Today, because we’re living
in the #MeToo era, we’re well accustomed to seeing powerful men indulge
themselves by making the women around them bend to their will. In The Favourite, by Yorgos Lanthimos, who
had previously amused and puzzled filmgoers with The Lobster, #MeToo is stood on its head. The film’s chief female
characters are anything but helpless victims. Instead, the eighteenth-century
women played by Rachel Weisz and Emma Stone are rude, crude, and very much on
the make. No shrinking violets, they gravitate toward power, and know how to
use sexuality (as well as belligerence and guile) in order to get it. Unfortunately
for them, each is determined to replace the other, in a struggle that becomes
increasingly grizzly as the film wears on.

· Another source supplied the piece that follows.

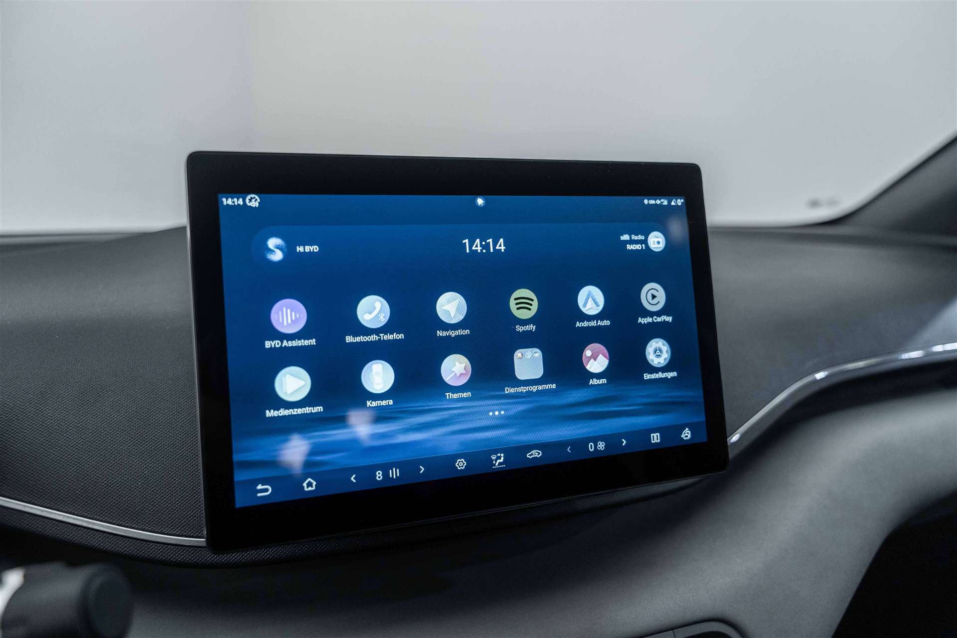 11kW On-Board Charger (OBC), 12-V-Stromanschluss, 2 x Smart Key, Airbag: Fahrerairbag und Beifahrerairbag, Airbag: Seitenairbags vorn und hinten, Antiblockiersystem (ABS), Assist: 360° view camera, Assist: Adaptive Geschwindigkeitsregelung (ACC) & Intelligente Geschwindigkeitsregelung (ICC), Assist: Auto Hold, Assist: Automatische Notbremsung (AEB), Assist: Comfort Stop (CST), Assist: Elektrische Parkbremse (EPB), Assist: Fahrerüberwachungssystem (DMS), Assist: Intelligente Bremskraftverstärker (IPB), Assist: Intelligente Geschwindigkeitsbegrenzungskontrolle (ISLC), Assist: Notfall-Spurhalteassistent (ELKA), Assist: Parksensoren hinten, Assist: Spurverlassensassistent (LDA), Assist: Traktionskontrolle (TCS), Assist: Verkehrszeichenerkennung (TSR), Assist: Vorwärtskollisionswarnung (FCW), Aussenspiegel elektrisch verstellbar, elektrisch anklappbar, beheizbar, BYD digital key, Elektronische Bremskraftverteilung (EBD), ESP (Elektronisches Stabilitätsprogramm), Fahrerseitenfenster, mit Ein-Klick-Funktion und Einklemmschutz, Fahrmodus: Eco, Normal, Sport, Snow, Frontscheibe, Scheibenwischer mit Regensensor, Getriebe: Direktantrieb, kein Getriebe, Heckscheiben und hintere Windschutzscheibe, Privacy glass, ISOFIX und i-Size, Beifahrer- und äussere Rücksitze, Keyless entry & keyless start, Kindersicherung manuell, Klima: Klimaanlage, Lackierung: Metallic-Lackierung, LED-Leseleuchten vorn, Lenkrad: Multifunktionslenkrad in Vegan-Leder, Licht: Follow-me-Home, Licht: Intelligenter Fernlichtassistent (IHBC), Licht: LED-Rückleuchten, Licht: LED-Scheinwerfer, automatisches Ein-/Ausschalten, Licht: LED-Tagfahrlicht, Licht: Nebelschlussleuchten, Media: 10,1" elektrisch drehbarer Touchscreen, Media: 7" Digital-Instrumententafel, Media: Android Auto & Apple CarPlay, Media: Audiosystem, 4 Lautsprecher, Media: DAB+ & FM, Media: Integrierte 4G-Konnektivität, Media: Intelligente Sprachsteuerung "Hallo, BYD", Media: Navigationsystem, Media: Smartphone wireless charging, 15 W, Media: USB-Anschlüsse hinten: 1 x 18W Typ A, 1 x 60W Typ C, Mittelarmlehne vorn, 2 Getränkehalter, Notruf, Polster: Vegan-Leder Sitze, Räder: 16" Leichtmetallfelgen, Reifendruckkontrolle (TPMS), Servolenkung, Sicherheitsgurte mit Vorspannung und Kraftbegrenzer, Sitze: 4 Sitze, Sitze: Beifahrersitz beheiztbar, Sitze: Beifahrersitz, elektrisch verstellbar, 4-fach, Sitze: Fahrersitz beheiztbar, Sitze: Fahrersitz, elektrisch verstellbar, 6-fach, Sitze: Lordosenstütze für Fahrer, Sitze: Rücksitze 50:50 geteilt umklappbar, Sonnenblenden vorne mit beleuchtetem Spiegel, Türöffnungswarnung (DOW), Wärmepumpe, Zentralverriegelung
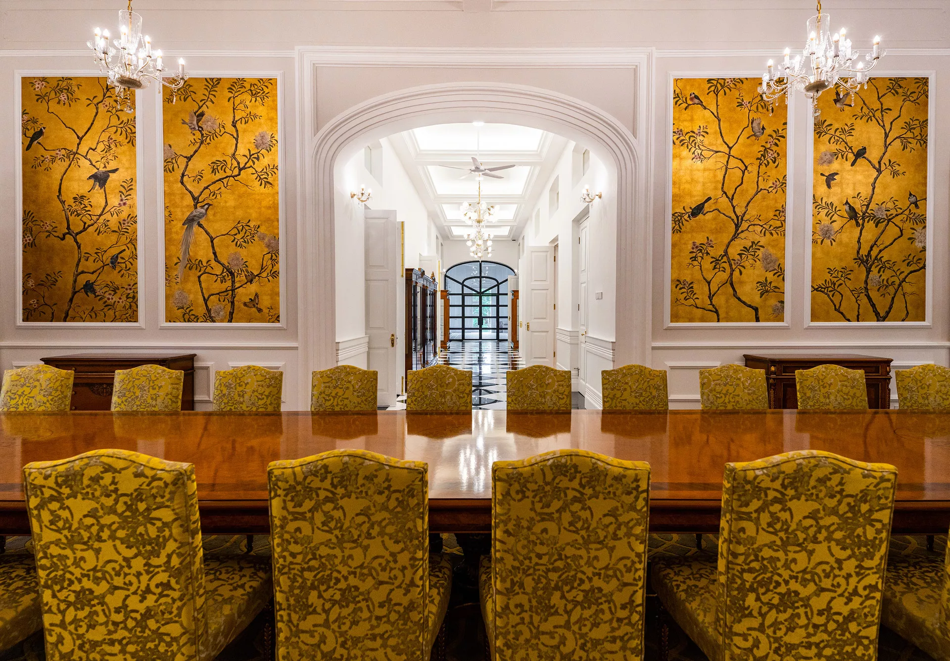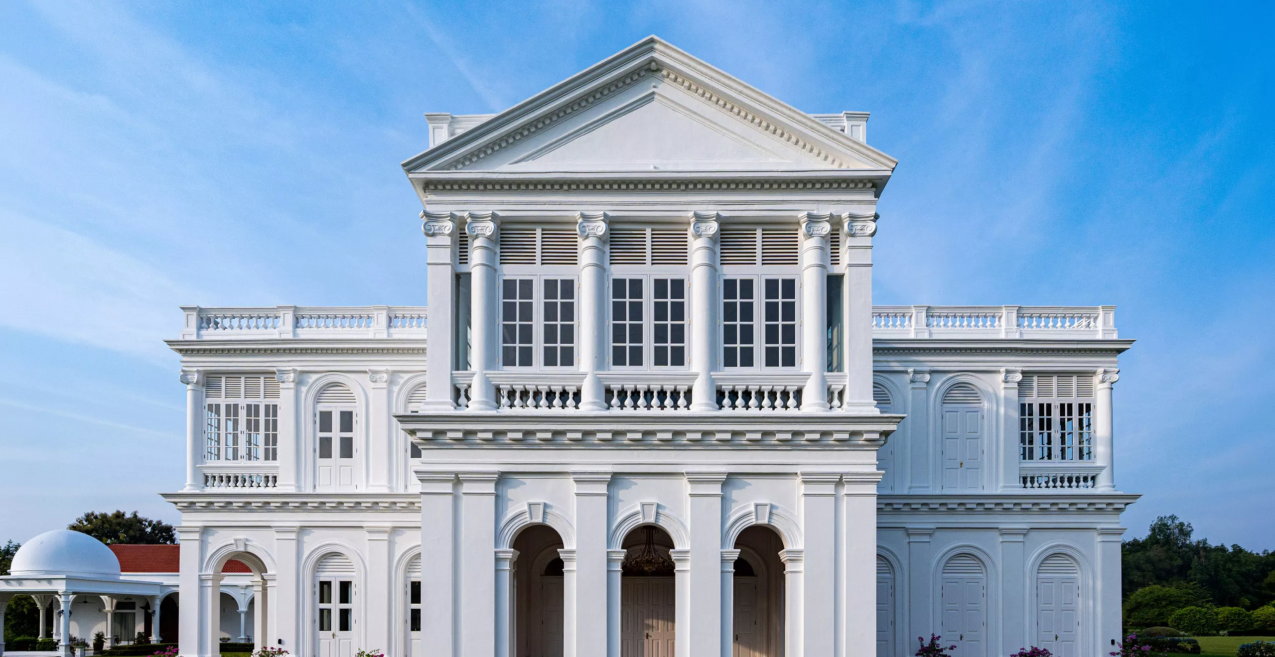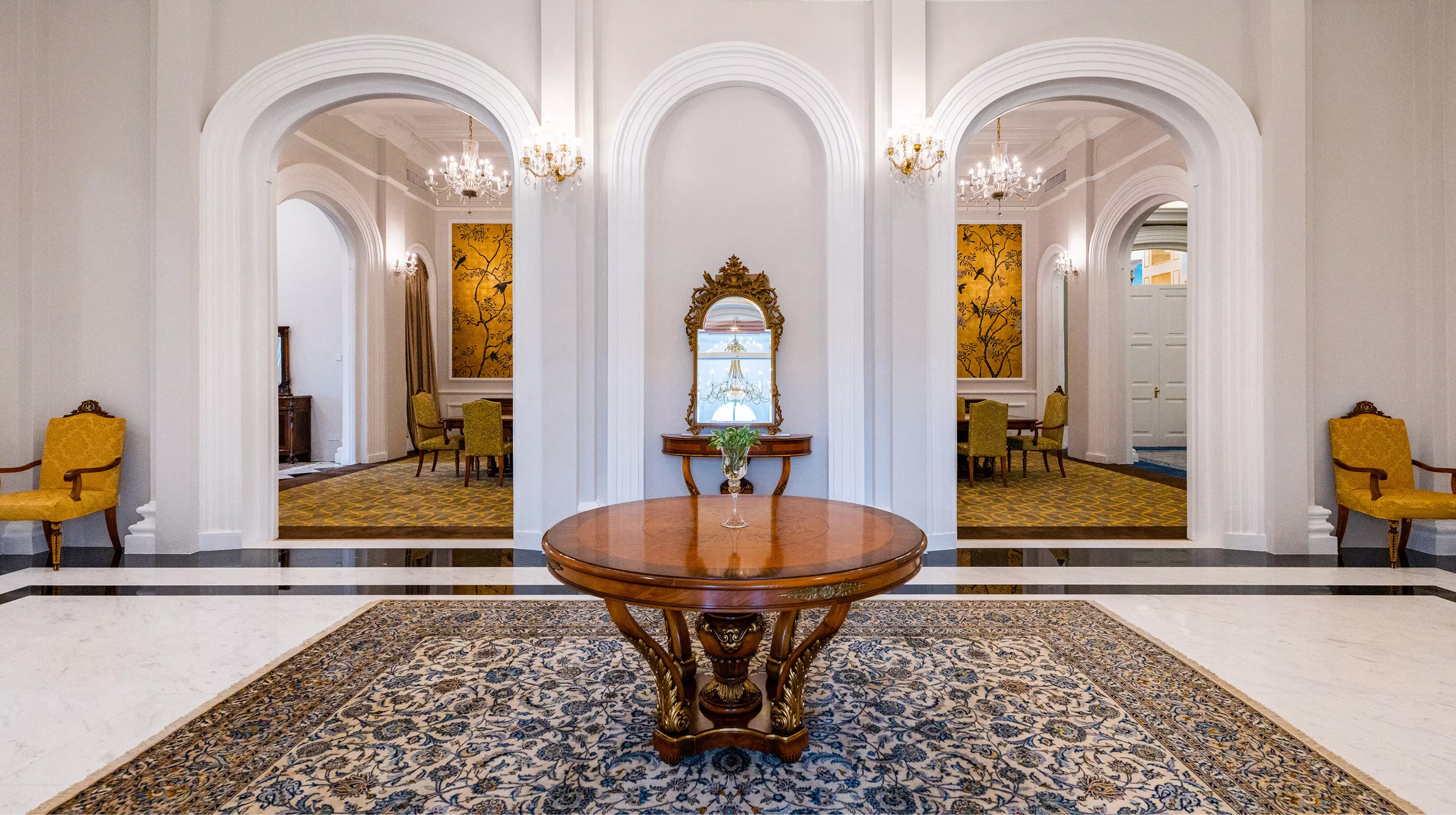 The interior design remains faithful to the building’s British Colonial character, while subtly enhancing the facilities with modern upgrades. Monochromatic tiles and marble surfaces, crisp white wainscoting, and gold chinoiserie details create a sophisticated palette that balances vintage charm with modern functionality.

How curious that their target
is not only another woman but one of royal birth. The historical record tells
us that Queen Anne of Great Britain, the
last monarch of the Stuart line, was fated by circumstance to not have an easy
time on the throne. By 1702, when her twelve-year reign began, she had lost a
beloved husband to smallpox and buried seventeen young children, many of whom
were stillborn. Badly afflicted with gout, Anne suffered great pain. As
portrayed in the movie by the impressive Olivia Colman, she was a vain and
indecisive woman, easy prey for the domineering Lady Sarah Churchill (Rachel
Weisz), who advanced her husband’s military career and her own social standing
by effectively making policy on Anne’s behalf.

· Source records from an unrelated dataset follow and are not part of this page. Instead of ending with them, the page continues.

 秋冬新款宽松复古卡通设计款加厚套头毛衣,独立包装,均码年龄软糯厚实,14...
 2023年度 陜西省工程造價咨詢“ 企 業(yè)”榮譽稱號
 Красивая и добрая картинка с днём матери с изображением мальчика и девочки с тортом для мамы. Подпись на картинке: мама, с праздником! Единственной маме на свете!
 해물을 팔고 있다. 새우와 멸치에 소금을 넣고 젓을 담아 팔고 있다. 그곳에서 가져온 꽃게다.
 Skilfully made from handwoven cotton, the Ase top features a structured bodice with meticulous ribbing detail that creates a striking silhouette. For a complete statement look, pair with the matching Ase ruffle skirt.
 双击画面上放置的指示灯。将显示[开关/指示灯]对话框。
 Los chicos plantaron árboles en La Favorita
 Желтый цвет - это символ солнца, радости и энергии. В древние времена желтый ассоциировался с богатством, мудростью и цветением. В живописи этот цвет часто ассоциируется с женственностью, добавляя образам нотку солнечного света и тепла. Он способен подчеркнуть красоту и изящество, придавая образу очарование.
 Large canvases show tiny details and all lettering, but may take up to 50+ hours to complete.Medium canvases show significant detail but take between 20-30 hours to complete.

Sarah Churchill, Duchess of
Marlborough, is a genuine historic figure, an ancestor of both Winston
Churchill and Princess Diana. I suspect that Abigail, the character played by
Emma Stone, has no such historical roots. Still, she fits nicely into
Lanthimos’s portrayal of the British royal court. The daughter of a
down-on-his-luck aristocrat, she has the smarts and the breeding to succeed at
court, even though she starts as a lowly scullery maid. A tart tongue and a
shrewd grasp of the court’s power dynamics gets her into the presence of Queen
Anne; flattery and sexual wiles keep her there. But like Sarah, she is not
destined to achieve contentment. That’s part of the price you pay when sucking
up to royalty: you can easily be replaced when the monarch moves on to
something (or someone) else.
Colman’s portrait of Queen
Anne is a deeply memorable one, though it’s doubtless not the final word on
Anne’s achievements. There’s evidence she took serious interest in affairs of
state, and did at least some good while on the throne, serving as a patroness
of theatre, poetry, and music. She subsidized the career of one of England’s
greatest composers, George Frederick Handel, and knighted Isaac Newton in 1705.
But basically The Favourite left me
relieved that my own nation is not subject to the whims of an hereditary ruler,
nor to those of the courtiers who (at least temporarily) find favor in royal
eyes. Still, Americans have come to know what it’s like to be under the leadership
of someone who is mercurial, impetuous, and susceptible to flattery. Which is
one more way that The Favourite, a
tale of eighteenth-century England, seems
all too appropriate for the United States of America in 2019.
As always in British films of this ilk,
production values are dazzling, though the movie is also marked by Lanthimos’s
occasional oddball aesthetic choices. Period costumes and music vie for our
attention with graphic nudity and strange, grotesque moments (like some
choreography with moves that look suspiciously like break-dancing) that remind
us we’re in the 21st century after all.